Terrence Malick est certainement le plus grand réalisateur vivant.
Comme Kubrick, il tourne peu mais ses efforts méritent toujours
l’attention. À la façon de Tarkovski, il cherche à cerner l’indicible,
cette âme qui rôde et qui n’attend que d’être observée. Dès son
magnifique «Badlands» en 1973, son style apparaît au grand jour. Le
metteur en scène aime le lyrisme, confronter l’humanité à l’animalité et
à la nature. Une tendance qui se renforce avec le superbe «Days of
Heaven» en 1978.

Ses plans sont méticuleusement assemblés et ils forment
une poésie de tous les instants. Un périple philosophique qui se
poursuit en 1998 avec l’illustre «The Thin Red Line» qui est ponctué de
très grands moments de cinéma, de réflexions inoubliables sur le genre
humain. Bien que très intéressant, «The New World» en 2005 ne semblait
pas autant touché par la grâce que ses prédécesseurs. Le voilà
rappliquer avec «The Tree of Life», une vision somptueuse et immersive
sur les aléas d’une famille américaine des années 1950 dominée par un
père exigeant (Brad Pitt) et par la quête de sens de son fils (Sean
Penn) devenu adulte.

Deux époques différentes, deux clivages qui
s’expriment au niveau des couleurs où le chaud et le froid se livrent
des duels insoupçonnés, où la ville grise et clinique remplace dans les
souvenirs d’un homme le petit village de son enfance, où tout n’était
pas nécessairement rose. Afin de bien apprécier ce long métrage,
il faut le prendre comme une aventure aux confins des mers connues et
inconnues. La première demi-heure bouscule les appréhensions avec son
cheminement scénaristique hors norme, où des bribes fragmentées et une
narration hors champ déferlent à l’écran.
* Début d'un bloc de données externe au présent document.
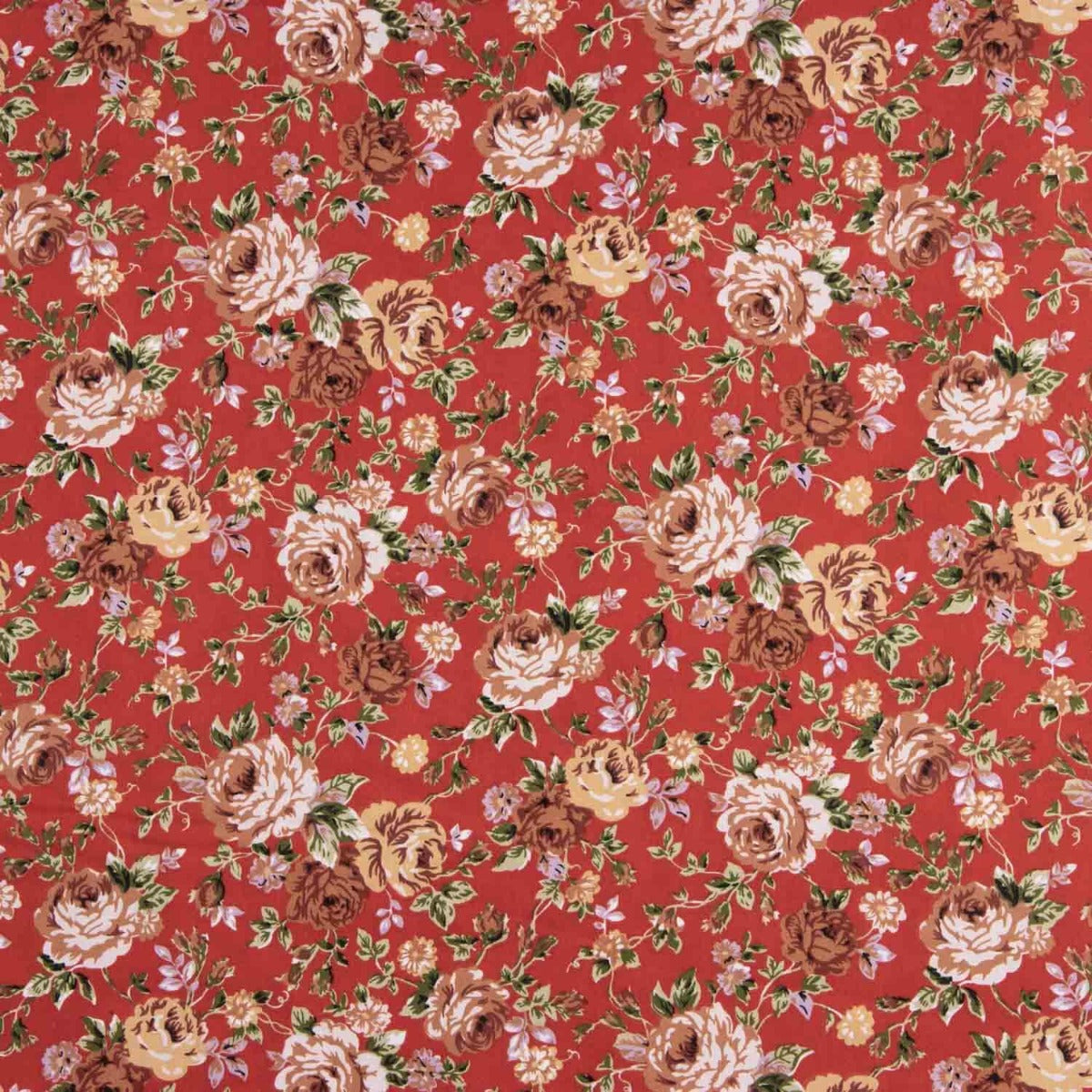 This striking 100% cotton poplin fabric, 150 cm wide, stands out with its bold red background decorated with a romantic print of large roses in shades of blush, terracotta and cream, accented with delicate green leaves. A fabric full of character and elegance, it is ideal for dresses, skirts, shirts, children’s wear or even decorative accessories with a vintage charm. Soft, breathable and easy to sew, it is a versatile choice for creative sewing with a distinctive style.
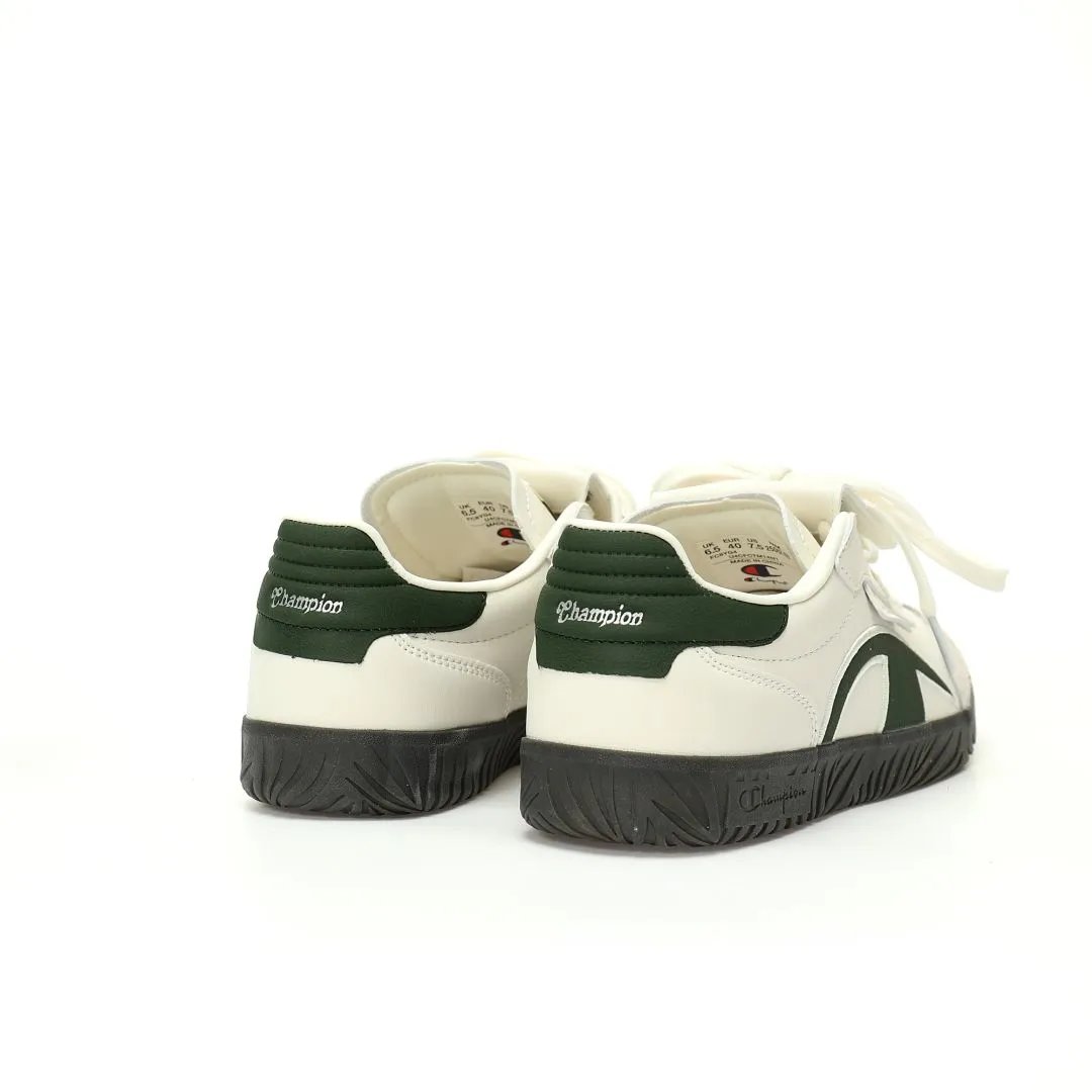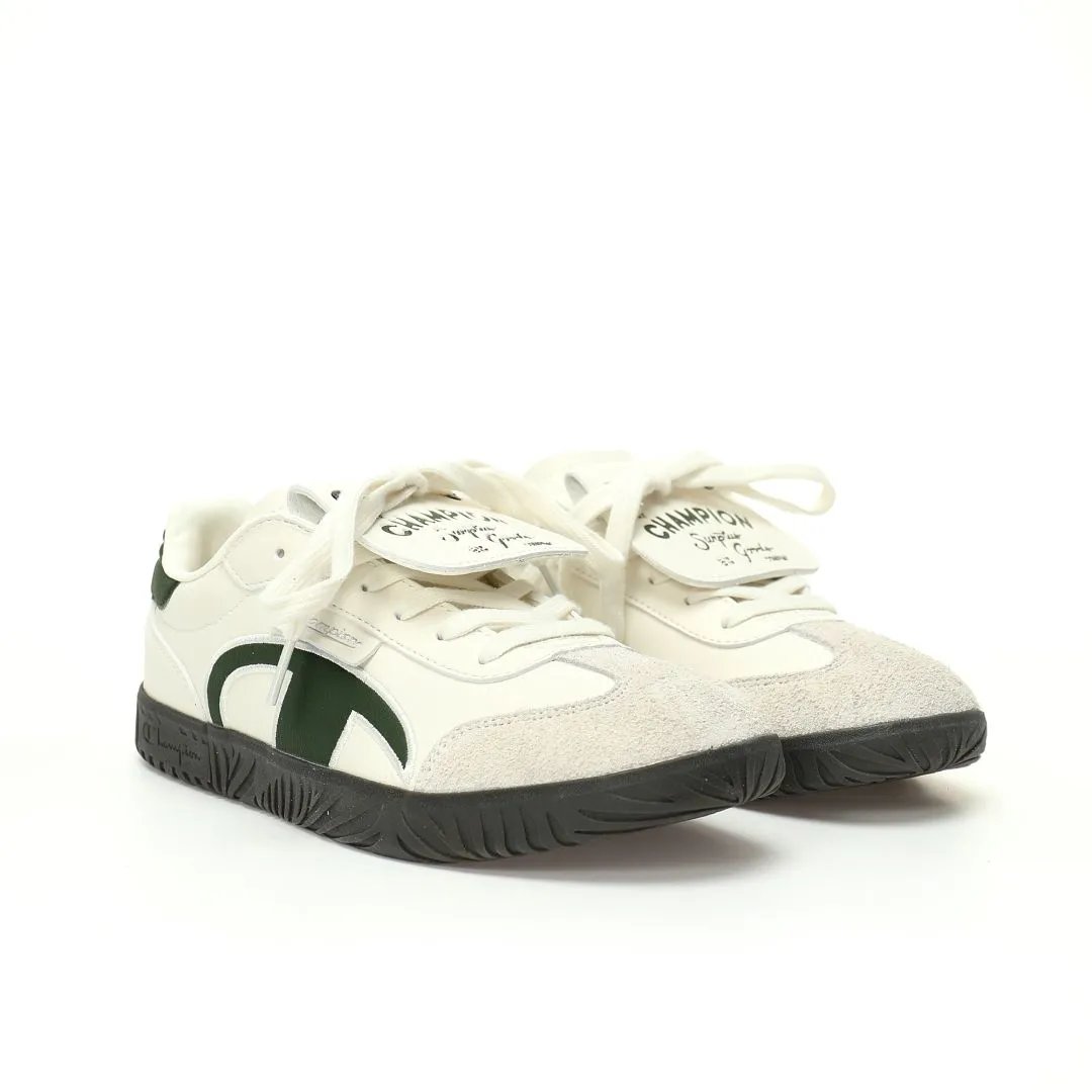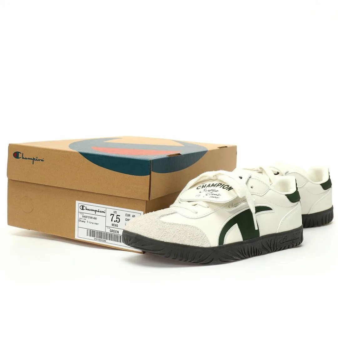 Champion TTrainer Men's Low-Top Sneakers feature leather beige dark green upper, eco-friendly sea glass EVA insole & durable rubber outsole.

On présente les personnages,
leurs drames et leurs destins en les agençant au sort du monde et de la
planète. Pour savoir où l’on va, il faut savoir d’où l’on vient, ce
qu’expose le cinéaste en recréant la naissance de l’univers et de la
Terre, l’émergence des dinosaures, etc. Un exposé qui ne sera pas pour
toutes les sensibilités, mais qui possède une force dramatique
dantesque. Les séquences saisissantes se fondent parfaitement à la riche
musique d’Alexandre Desplat, décuplant la valeur des plans, dont
plusieurs (la naissance par exemple) seront gravés à tout jamais dans la
conscience du cinéphile.

Cet intermède n’est heureusement pas
infini. Malick revient sur le plancher des vaches en développant plus
classiquement son histoire. Pour se faire, il recourt à une caméra libre
et alerte qui capte le moindre soubresaut de vie de ses personnages.
Une charge contre le patriarcat se développe en sourdine entre ces
garçons interprétés par des comédiens non professionnels et ce père
aimant mais trop strict, composé magistralement par Brad Pitt qui y
trouve un de ses meilleurs rôles en carrière. Il incarne le feu qui
brûle alors que la sublime Jessica Chastain joue l’eau qui réconforte,
cette mère aimante et protectrice baignée d’une lumière absolue.

L’actrice est peut-être peu connue, mais elle monopolise tous les
regards avec sa beauté céleste et sa bonté infinie. Ce serait même elle
cet arbre de vie, celle qui est source de tout. Peu présent à
l’écran, Sean Penn représente l’univers des possibles, ces enfants qui
errent constamment, qui ont exaucé les rêves de leurs parents et qui
doivent absolument se redéfinir. Il est le guide et celui qui sera là à
la toute fin, où passé, présent et futur ne forment plus qu’un, sur la
plage de la mémoire. Une odyssée qui peut paraître biblique (le récit
s’ouvre justement sur une citation du Livre de Job), mais qui serait
davantage spirituelle.

Comme dans «Inception» il faut avoir la foi pour
adhérer à tout ce qui se déroule, et si la valse des symboles et des
métaphores s’avère omniprésente, c’est la nature qui aura le dernier
mot. Cette même nature qui obsède Malick depuis toujours.

Méditation
organique sur la beauté, sur la vie, sur la mort et surtout sur
l’amour, «The Tree of Life» n’est pas seulement un film. C’est la
rencontre improbable entre le cinéma avec un grand C et la Vie, qui
n’est pas seulement humaine ou historique, mais globale. Une grande
fresque qui fera pleurer de bonheur, encore et encore.